Unfortunately, theatre and politics have proven to be an inseparable pair, since politics is part of the social life of every society and theatre mirrors that life. The radical dramatists therefore stick out their necks to play the role of the social commentator and watchdog of the society. The unending war of ideology between the ruling class and the social dramatists has resulted in several sad tales on the part of the dramatist. Nikolai Gogol of Russia, Ngugi Wa Thiong’o of Kenya and Wole Soyinka of Nigeria are a few who have suffered stiff persecution from their nation’s governments, for attempting to correct the ills of the society, using drama as a tool.

There is therefore an urgent need for a point of convergence between the dramatist and the ruling class, wherein the ruling class should begin to see the social dramatist not as a rival, but as a social agent whose comments should be analyzed and put to good use. On the other hand, the dramatists ought to play his role in objectivity eschewing all forms of personal sentiments and thus an egalitarian society can be achieved.

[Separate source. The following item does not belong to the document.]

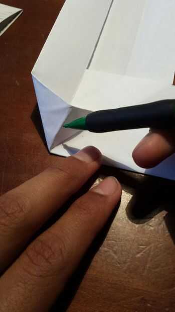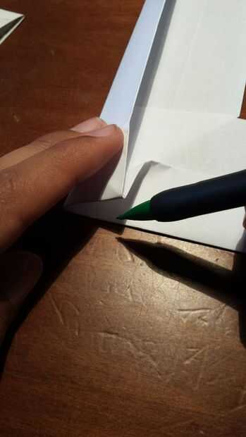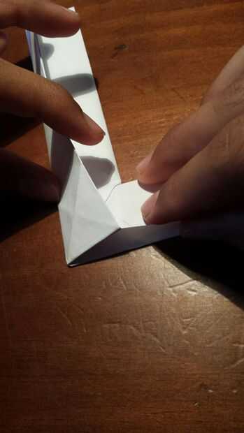 OK, ahora, respira profundo porque este es el paso más largo. doble la parte inferior dlap hacia abajo primero, apriete el borde del triángulo para que haya un pliegue que quede frente a usted. Esto creará un pequeño triángulo que solo puede ignorar por ahora. A continuación se debe doblar en la pierna vertical. La izquierda sobre papel debe ser doblada para que cree un triángulo que apunta en la cima del interior triángulo. Ahora la pierna inferior debe también tomar pulgadas doblado el vértice inferior del triángulo y meta como se muestra. Ahora aplana todo. Asegúrese de no hacer cualquier arrugas no deseadas. ¡ Buen trabajo! han pasado la parte más difícil.

1.3     Scope of the Study

Drama and theatre speak universal language which is understood by all tribes and races. Theatre practice is therefore a universal art. In order to give it a concise delineation, this work shall be limited to the Nigerian situation, but not without some relevant references to the socio-political possibilities in some other parts of the world, especially in Africa.

1.4     Significance of the Study

This research work shall serve as the reference document providing a kind of guide for upcoming dramatists and theatre practitioners who may wish to focus their arts on the constructive reformation of the society. It shall also help provide a step by step approach to a logical and critical evaluation of the social and political malfunctioning of the society while at the same time suggesting the way forward to solving the society’s problems. The research work shall serve to expose the ills of the society, especially those emanating from poor leadership, political insincerity and religious hypocrisy. It will also serve as a research material for students and other researchers who may wish to carry out research in similar areas of interest.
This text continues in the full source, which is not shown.